For sgRNA expression, nCas9-UGI-2A-EGFP cassette in EF1alpha-PX461 vector was replaced with UGI-2A-mcherry cassette to generate U6-sgRNA-EF1apha-UGI-T2A-mCherry. Oligonucleotides for sgRNAs (sgRNA sequences are listed in Supplementary Table 1) were annealed and inserted into BsaI-linearized pU6-sgRNA-EF1alpha-UGI-2A-mcherry to generate specific sgRNA expression vector.

All subcloning experiments were done using TOP10 competent cells (Tiangen Biotech, Beijing, China)

Flow cytometry

GFP/mCherry double-positive cells were isolated using a Moflo XDP (Beckman Coulter). In brief, Transfected HEK293T cells were washed with PBS buffer (ThermoFisher Scientific), and digested using 0.05% Trypsin (Gibco) for about 2-3 min. Then culture medium was added to inactivate trypsin and cell suspensions were collected. After centrifugation, cell pellet was resuspended using 200–250 μL PBS for fluorescence-activated cell sorting (FACS) process. Positive cells were sorted into 200 μL lysis buffer (10 mM Tris-HCl, pH 8.8, 5 mM EDTA, 0.2% SDS, 0.2 M NaCl, 25 μg/mL Proteinase K (Calbiochem)) for subsequent genome DNA isolation.

Sanger sequencing and analysis using EditR

PCR primers about 150bp upstream and downstream of on-target sites were designed and synthesized (Genescript). Then PCR amplification was performed using ~200 ng genomic DNA each with Takara LA Taq. Then sanger sequencing was performed (Shanghai Majorbio Bio-Pharm Technology) and results were quantified using EditR35.

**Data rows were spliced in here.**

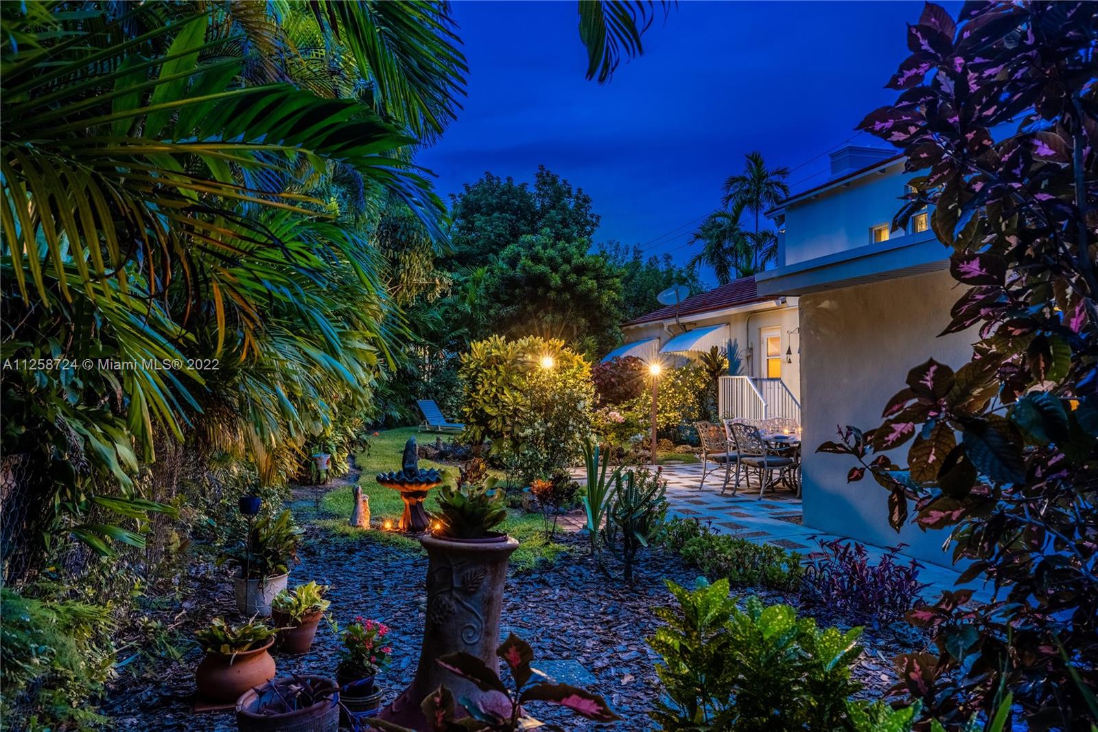 What you get is so much more than what you see in this stately Miami Shores Classic! This grand 1934 home with high ceilings, spacious rooms, iconic “love birds” carved Art Deco fireplace and great wrap-around gardens awaits your personal updates. Expansive formal living opens to bright sunroom, perfect as home office or media room; large dining; galley-style kitchen with door to lush rear relaxation and entertainment gardens, including a separate flex workshop-cabana space, great as home gym, office or zen den. One bedroom and one bath downstairs, two large bedrooms and an Instagram-ready violet deco “purple-passion” bath upstairs, impact windows-doors, two-car garage and room for expansion and pool. Endless possibilities await in a great location, just a block to downtown Miami Shores!
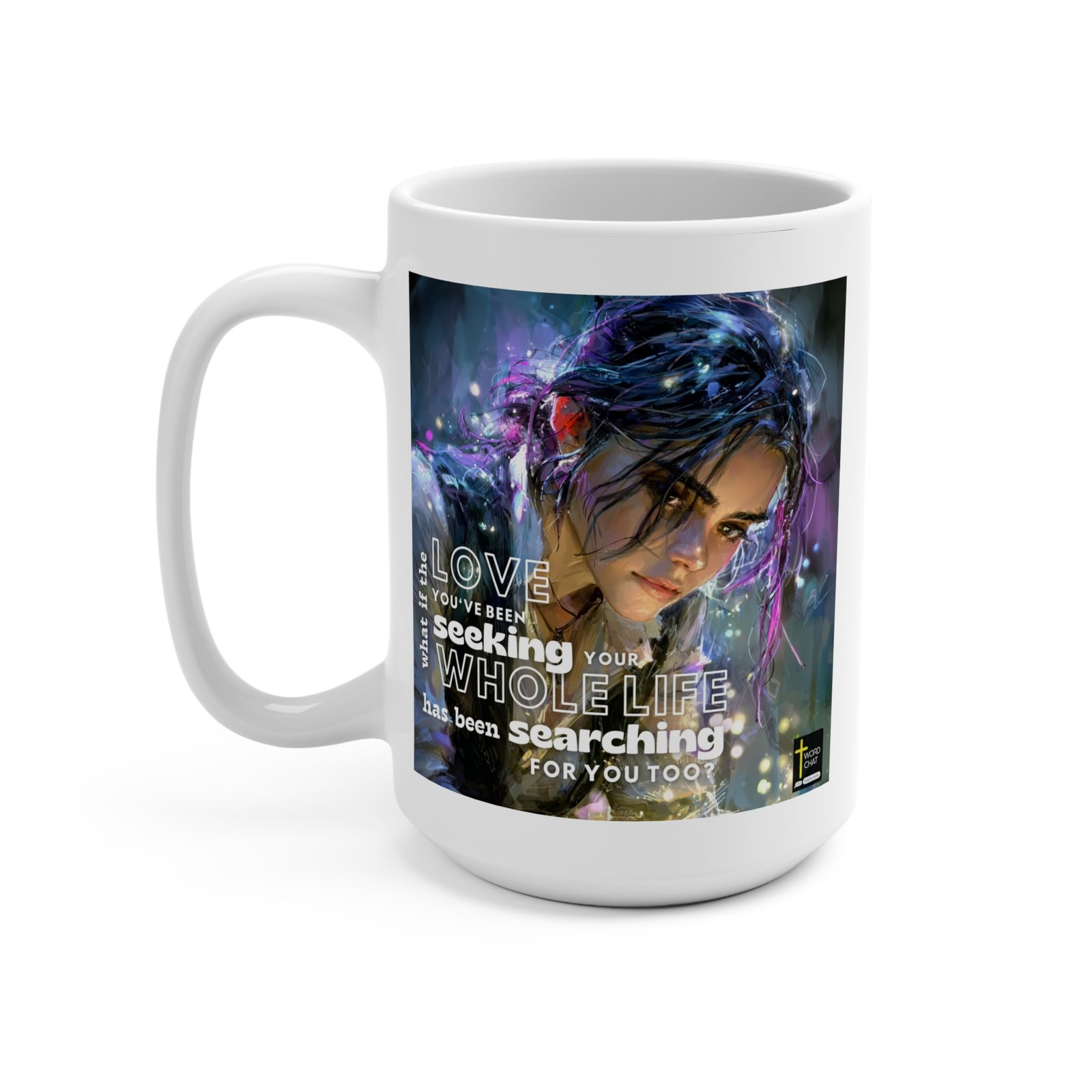 This stunning digital artwork features a futuristic portrait of a woman with flowing, windswept hair adorned with vibrant neon accents in shades of purple, blue, and magenta. The character’s face displays realistic human features with striking eyes and delicate facial details, blending seamlessly with cyberpunk-inspired technological elements that glow with ethereal light particles. Overlaid on the image is an inspirational quote in bold white text reading “what if the LOVE you’ve been seeking your WHOLE LIFE has been searching FOR YOU TOO?” The background features a dreamy, atmospheric blur of soft blues and purples with glowing orbs and light effects that create a mystical, digital ambiance. The image includes a “WORDCHAT” logo with a cross symbol in the bottom right corner.
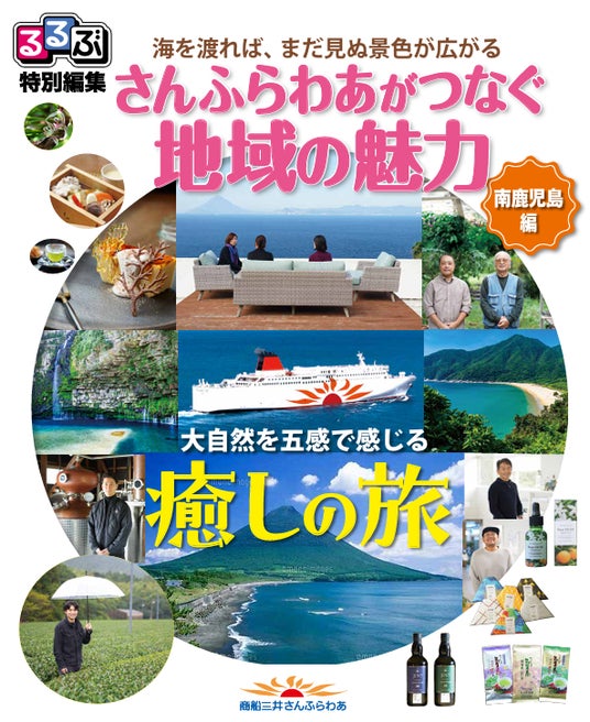 るるぶ特別編集版「さんふらわあがつなぐ地域の魅力 南鹿児島編」は、「癒し」をテーマに、南鹿児島の雄大な自然と、地域に根ざした人々の輝きを丁寧に紹介するフリーペーパーです。2026年2月12日発行の本誌では、志布志港から始まる南鹿児島の旅を通して、一般的な旅雑誌では出会えないような深い魅力や、地元グルメ・知覧茶・焼酎など南鹿児島ブランドの誕生秘話、そして生産者の想いなど、人と自然が織りなす癒しのエピソードをたっぷりご紹介しています。
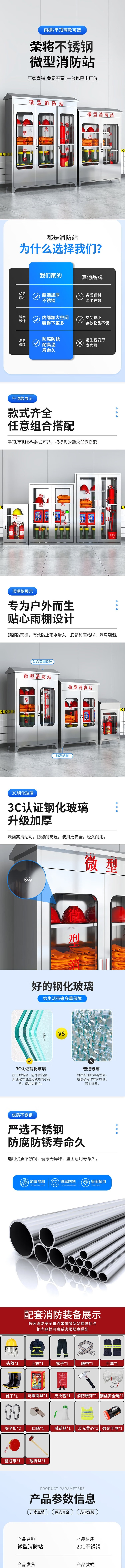 荣将不锈钢消防柜微型消防站全套消防器材应急物资柜展示箱含器材
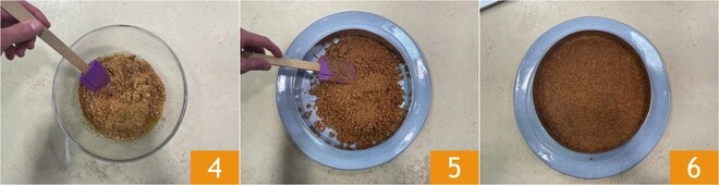 Misture para integrar 4. Despeje a mistura em um anel de 24 cm de diâmetro colocado em um prato de servir 5, pressione bem com as costas de uma colher para distribuir e compactar a base 6. Coloque na geladeira por 30 minutos.
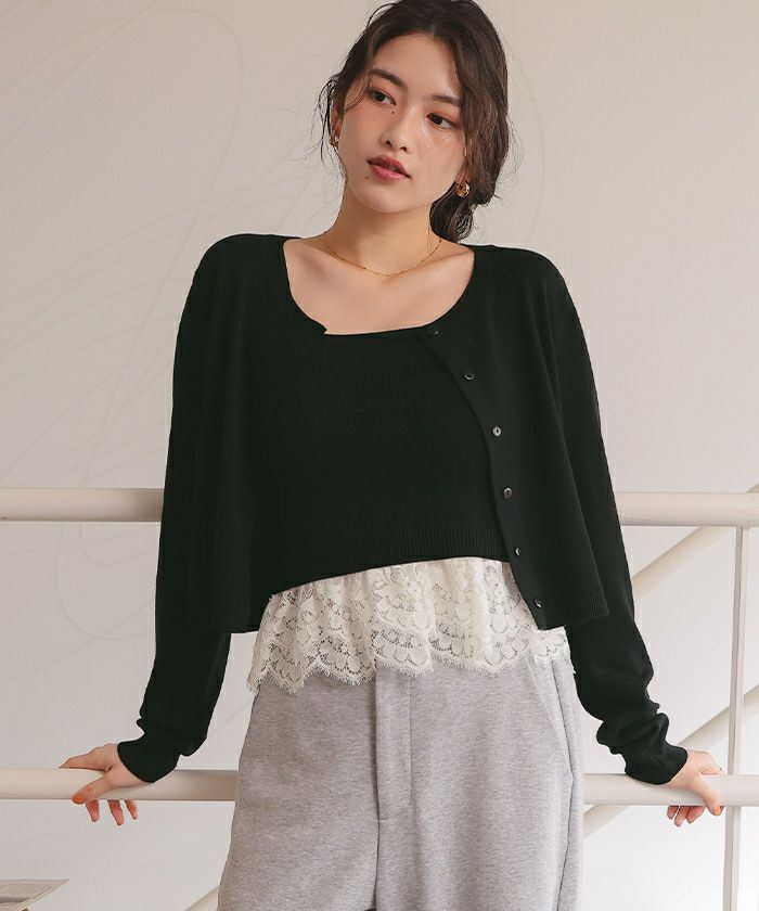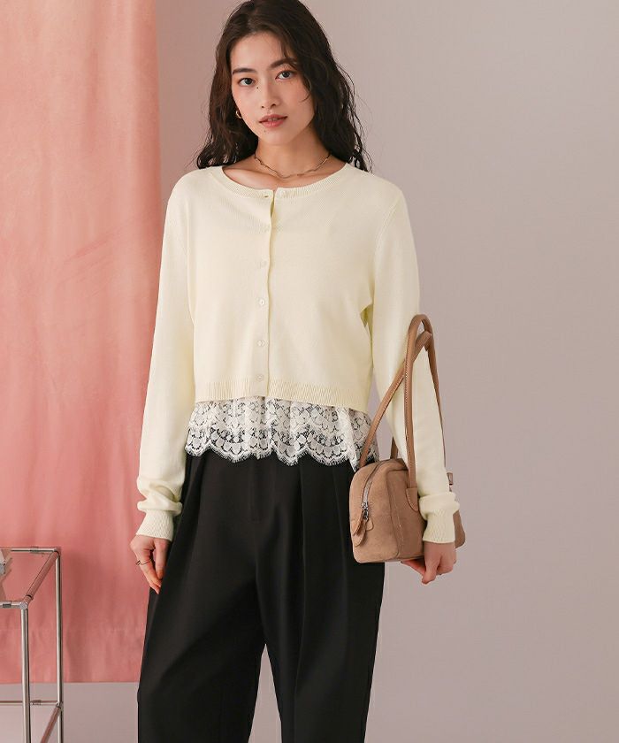 ・カーデはリラクシーなシルエットで、コンパクトすぎず、抜け感を演出。ボタンを留めれば裾からレースが覗く上品なルックに
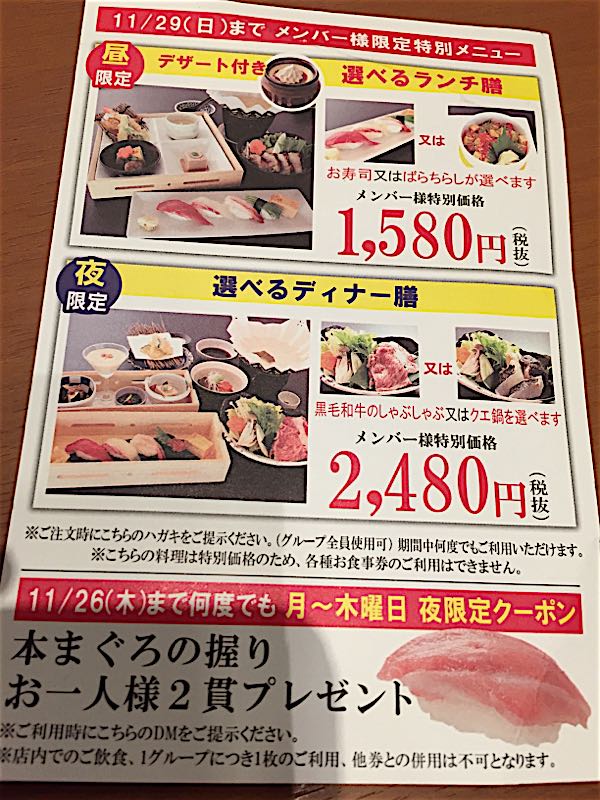 今夜は、主人が残業で夕食が要らないというので、義母と一幸で夕食を食べました。以前から割引の葉書が来ていたのですよね。私は、選べるディナー膳の九重(くえ)鍋にしました。幻の高級魚で食べたことないしね。サービスで、本マグロの中トロも1人2貫で合わせて4貫もらいました。今日まででしたね。中トロは溶けて、ご飯はしっとり。美味しかったですね。選べるディナー膳の九重鍋セット。海老・茄子・ししとうの天ぷら、鰤の照り焼き、揚げ出し大根、里芋の肉みそ、南瓜、茄子、人参、冷やし茶わん蒸し、もずく、胡麻豆腐、お寿司。義母は好物のトンカツ。イベリコ豚のミルフィーユかつ膳。アスパラ巻、大根サラダ、ご飯、味噌汁。私もアスパラ巻を一つもらい、代わりに義母にもいろいろ少しずつ食べてもらいました。義母が「大根サラダが辛い」と言うのですが、大根自体の辛味かと思ったら、店員さんが、山葵風味のドレッシングだからお取替えしますと言ってくれた。青紫蘇とシーザーとどちらにします?と訊かれ、シーザーと答えてました。シーザーなら辛くなくて食べられたよう。私も少しもらいました。それでも食べきれずにパックをもらって持ち帰ってました。うちに夕食を食べに来る時も、いつも残りを持ち帰っているので。さすがの私もお腹いっぱいで、別腹のデザートも食べられなかったですね。時間も9時頃と遅かったから。義母を車で送り、帰ってから実家に電話。
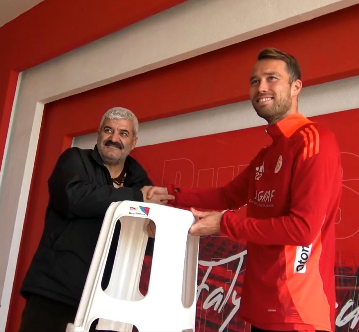 Ev sahibi takımın Kayserispor'u 2-0 mağlup ettiği karşılaşmadan sonra Antalyaspor, 3 gün içinde hem futbolcuyu hem de yere düşen güvenlik görevlisi Hünkaş Ergin'i bir araya getirdi.
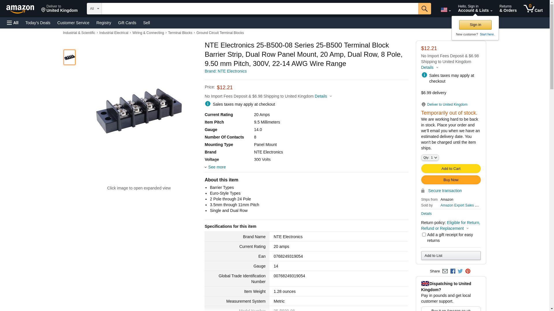 | ntepartsdirect | 25-B500-08 | 1 | -2 | 1 | 1 @ $4.79, 5 @ $4.70, 10 @ $4.55 |
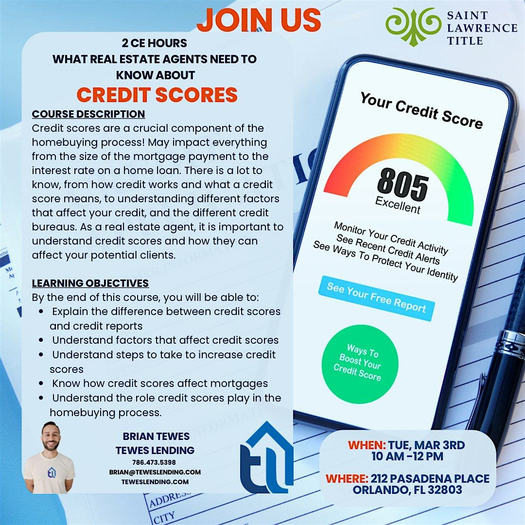 Credit scores are a crucial component of the home buying process! Join us at Saint Lawrence Title on 3/3/26 at 10am for a 2 hr. CE class.
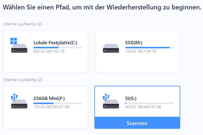 Dann habe ich eine externe Festplatte in 3 Partitionen angeschlossen (E,F und G)
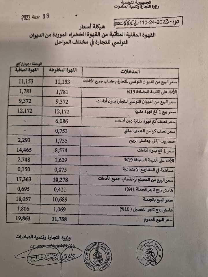 وبمقتضى هذه الزيادة فإنّ السعر الجديد للقهوة حدّد بـ 19.8 دينار للكلغ الواحد بعد أن كان سعرها محدّدا بـ 14.6 دينار.
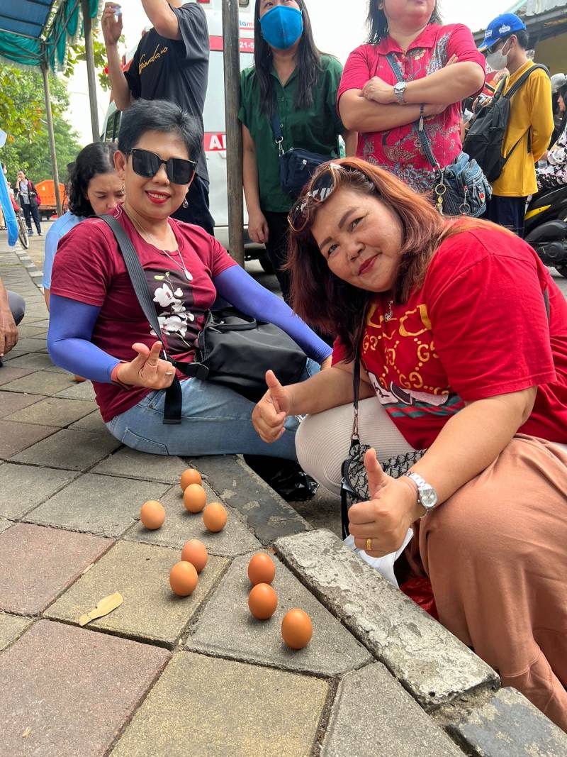 “Mendirikan telur pada pukul 11.00 hingga 13.00 WIB pada tanggal 5 bulan kelima kalender Cina dimaknai dengan berkah dari langit. Sebanyak satu peti telur diberikan kepada masyarakat yang datang, lalu siapapun yang dapat mendirikan telur maka akan mendapatkan berkah,” lanjutnya.
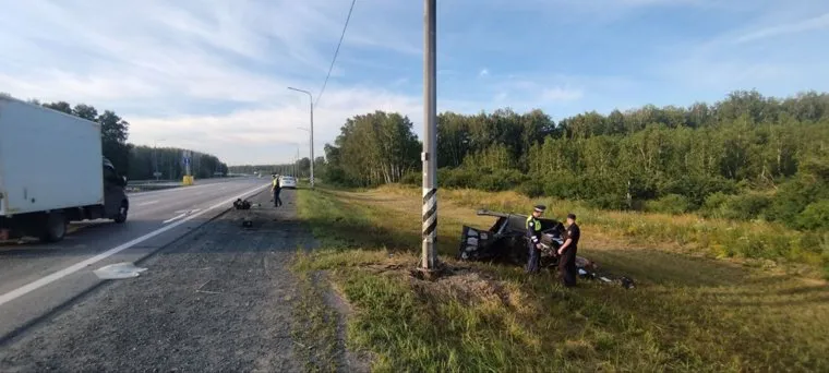 На трассе под Челябинском водитель автомобиля погиб, врезавшись в столб. Фото
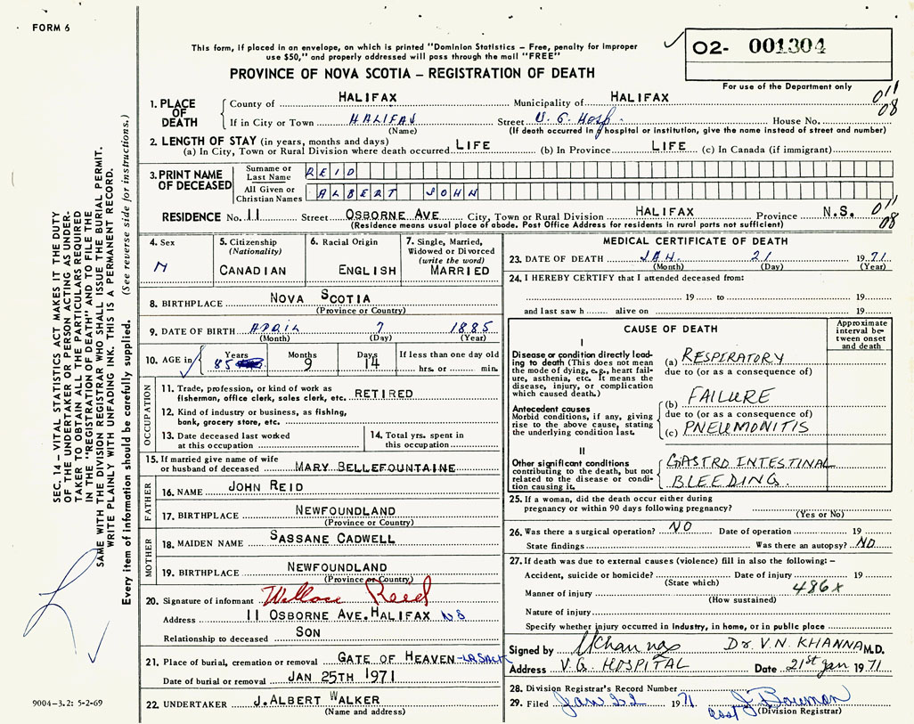 PROVINCE OF NOVA SCOTIA — REGISTRATION OF DEATH

Targeted amplification and high-throughput sequencing

PCR primers about 150bp upstream and downstream of on- and off-targets were designed with different barcodes and synthesized (Genescript). Detailed sequences of these primers are listed (Supplementary Table 1). Then PCR amplification was performed using ~200 ng genomic DNA each with Takara LA Taq. Sequence specificity was verified by agarose gel electrophoresis and then purified using Universal DNA Purification Kit (Tiangen Biotech, Beijing, China). Amplicons with different barcodes were mixed together and DNA library was prepared using NEBNext Ultra II DNA Library Prep Kit (NEB). Deep sequencing was performed using Illumina Hiseq X Ten platform at NovelBio Bio-Pharm Technology, Shanghai, China. All samples were prepared in biological triplicates.

Base conversion calculation

Raw sequencing reads were demultiplexed initially. Raw data quality was evaluated using FastQC and those with quality score below 15 were trimmed. Data mapping was performed using bowtie 2 (version 2.2.5)36 and then piped out with samtools (version 1.3.1)37. Base conversion at positions spanning from 30 nt upstream to 10 nt downstream of PAM sites (total 43 bp) was quantified for every base. Base conversion frequencies were calculated as follows: Frequency=base conversion reads/total reads. Detailed data was summarized in Supplementary Data 4.

Editing window analysis

To examine the editing window regions, cytosine showing the highest C–T conversion frequency in a specified sgRNA was normalized to 1, and other cytosines at positions spanning from 30 nt upstream to 10 nt downstream of PAM sites (total 43 bp) of the same sgRNA were normalized subsequently. Then normalized C–T conversion frequencies were classified and compared according to their positions for all tested sgRNAs of a specified base editor. Comprehensive editing window (CEW) was defined as positions with average C–T conversion efficiency exceeding 0.6 after normalization. SgRNAs used for editing window analysis was listed in Supplementary Table 2.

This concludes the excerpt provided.